Should any entry include an image, skip the image and copy the entry exactly.

○ ○ ○ ○

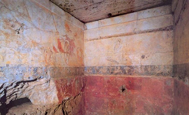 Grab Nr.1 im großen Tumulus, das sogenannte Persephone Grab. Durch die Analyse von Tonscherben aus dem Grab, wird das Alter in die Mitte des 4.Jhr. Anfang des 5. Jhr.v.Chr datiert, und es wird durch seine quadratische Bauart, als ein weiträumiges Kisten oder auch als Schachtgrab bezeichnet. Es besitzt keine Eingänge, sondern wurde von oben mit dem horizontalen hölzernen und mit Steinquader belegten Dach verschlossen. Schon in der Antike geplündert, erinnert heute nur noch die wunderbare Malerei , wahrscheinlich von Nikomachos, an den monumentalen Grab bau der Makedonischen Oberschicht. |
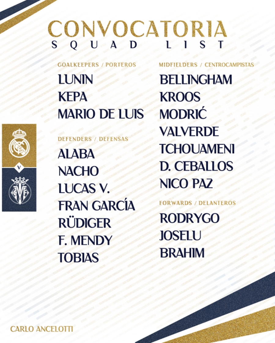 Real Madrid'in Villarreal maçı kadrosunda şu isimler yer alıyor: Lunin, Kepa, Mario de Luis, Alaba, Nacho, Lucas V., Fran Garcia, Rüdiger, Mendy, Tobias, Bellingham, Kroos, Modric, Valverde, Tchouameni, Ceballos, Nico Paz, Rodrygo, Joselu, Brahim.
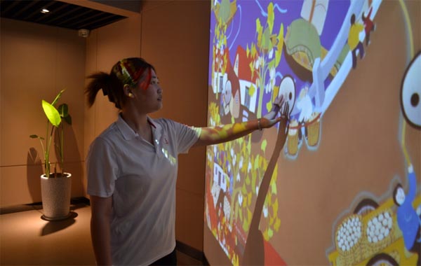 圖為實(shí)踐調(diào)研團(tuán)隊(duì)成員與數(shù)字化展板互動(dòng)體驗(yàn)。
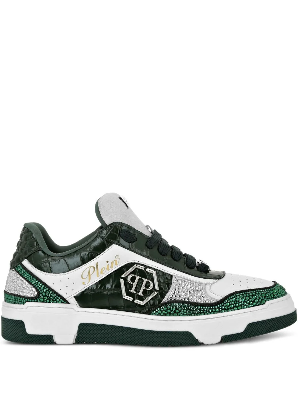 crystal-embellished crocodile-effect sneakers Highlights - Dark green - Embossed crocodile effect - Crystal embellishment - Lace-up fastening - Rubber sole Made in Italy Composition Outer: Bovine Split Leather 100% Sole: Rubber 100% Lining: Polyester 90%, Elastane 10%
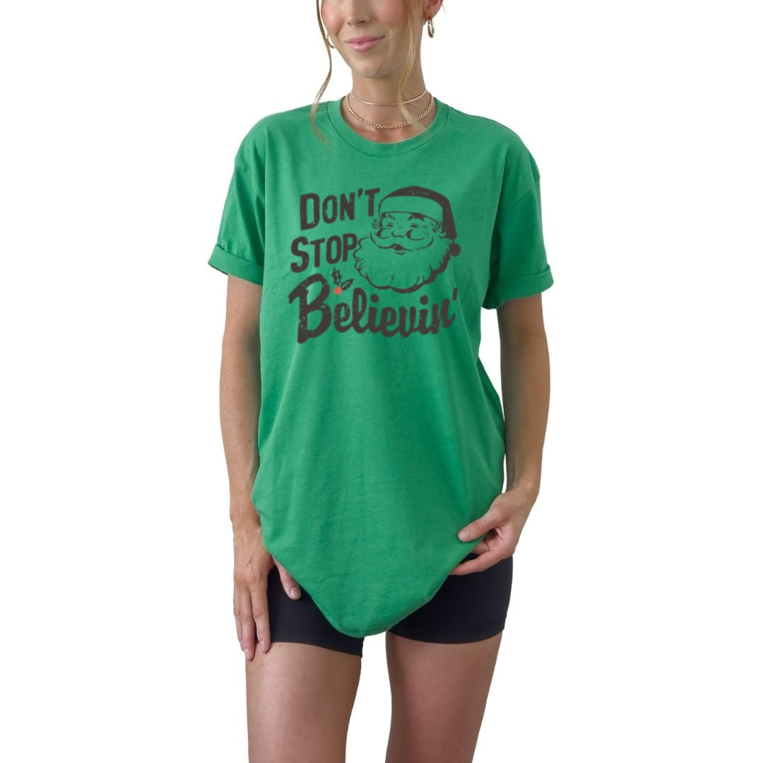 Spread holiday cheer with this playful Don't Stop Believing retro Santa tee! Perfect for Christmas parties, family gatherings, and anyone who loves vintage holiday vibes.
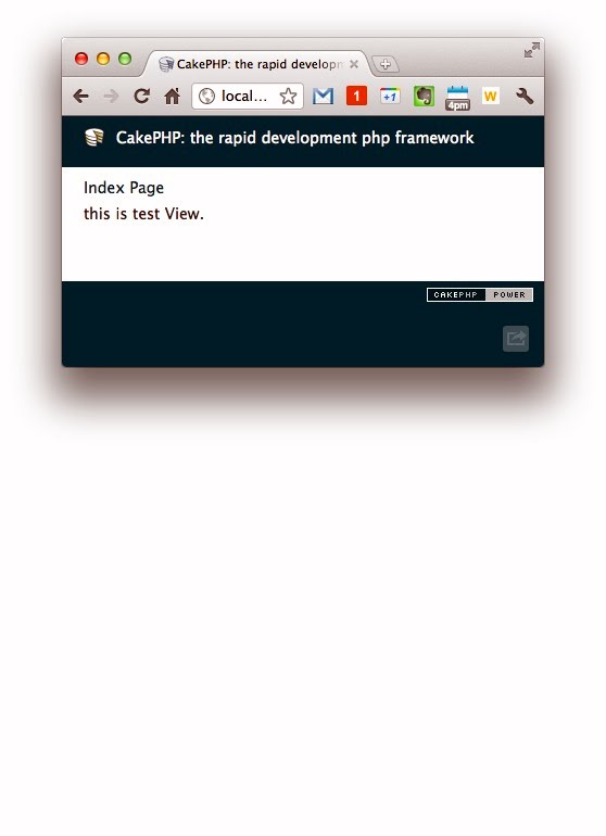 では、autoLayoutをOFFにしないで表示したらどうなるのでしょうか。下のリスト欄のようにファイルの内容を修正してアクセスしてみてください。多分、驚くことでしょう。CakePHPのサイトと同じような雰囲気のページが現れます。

○ ○ ○ ○

* Your solution *
 Grab Nr.1 im großen Tumulus, das sogenannte Persephone Grab. Durch die Analyse von Tonscherben aus dem Grab, wird das Alter in die Mitte des 4.Jhr. Anfang des 5. Jhr.v.Chr datiert, und es wird durch seine quadratische Bauart, als ein weiträumiges Kisten oder auch als Schachtgrab bezeichnet. Es besitzt keine Eingänge, sondern wurde von oben mit dem horizontalen hölzernen und mit Steinquader belegten Dach verschlossen. Schon in der Antike geplündert, erinnert heute nur noch die wunderbare Malerei , wahrscheinlich von Nikomachos, an den monumentalen Grab bau der Makedonischen Oberschicht. |
 Real Madrid'in Villarreal maçı kadrosunda şu isimler yer alıyor: Lunin, Kepa, Mario de Luis, Alaba, Nacho, Lucas V., Fran Garcia, Rüdiger, Mendy, Tobias, Bellingham, Kroos, Modric, Valverde, Tchouameni, Ceballos, Nico Paz, Rodrygo, Joselu, Brahim.
 圖為實(shí)踐調(diào)研團(tuán)隊(duì)成員與數(shù)字化展板互動(dòng)體驗(yàn)。
 crystal-embellished crocodile-effect sneakers Highlights - Dark green - Embossed crocodile effect - Crystal embellishment - Lace-up fastening - Rubber sole Made in Italy Composition Outer: Bovine Split Leather 100% Sole: Rubber 100% Lining: Polyester 90%, Elastane 10%
 Spread holiday cheer with this playful Don't Stop Believing retro Santa tee! Perfect for Christmas parties, family gatherings, and anyone who loves vintage holiday vibes.
 では、autoLayoutをOFFにしないで表示したらどうなるのでしょうか。下のリスト欄のようにファイルの内容を修正してアクセスしてみてください。多分、驚くことでしょう。CakePHPのサイトと同じような雰囲気のページが現れます。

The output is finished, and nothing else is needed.